There is a growing interest in the placenta as a critical agent in the transmission of maternal depression and infant outcomes. Placentation is a process which commences with blastocysts attaching to the uterine endometrium. The functioning placenta comes to serve a complex array of functions for the fetus including those of the lungs, intestine, kidney, liver, and a wide range of endocrine functions analogous to the pituitary and gonads (Luckett 1976). The investigation of placental biology in women who are depressed antenatally holds considerable promise in terms of understanding the biological mechanism involved in transmission of risk to offspring (Kaplan et al. 2008). The placenta functions as a temporary endocrine structure which regulates the transfer of nutrients to the fetus, but also protects the fetus from the growth-inhibiting effects of maternal glucocorticoids (Cottrell and Seckl 2009).

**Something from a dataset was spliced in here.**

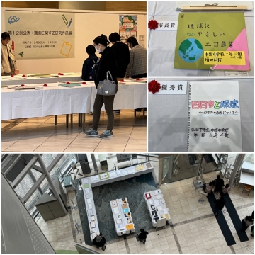 じばさんで開催された「四日市環境フェア」において、「第12回公害・環境に関する研究作品展」の表彰式・研究発表会がありました。2年生の増田さんが取り組んできた「環境」をテーマとした作品が、応募総数約200作品の中から高く評価され、2年連続で最優秀賞の「市長賞」を受賞する快挙を成し遂げました。さらに1年生の山﨑さんも優秀賞を受賞し、中部中からダブル受賞と素晴らしい結果となりました。授賞式には森市長がお越しになり、一人ひとりに表彰状を手渡していただきました。

The placenta serves as a critical interface between maternal and fetal physiology and, in this respect, regulates the transfer of glucose, amino acids, ketones, and fatty acids. Alterations in maternal hormone levels across pregnancy potentially alter fetal development and conversely the production of placental hormones influences maternal physiology (Haig 1993). This implies a conceptual model where, across gestation, the maternal–fetal dyad is mostly mediated via the placenta which operates in a transactional manner across these two distinct organisms to facilitate fetal development. While it is clear that a proportion of such development is directed in a species typical manner by genomic information, there is also a significant role for input from the intrauterine environment which shapes the trajectory of early development.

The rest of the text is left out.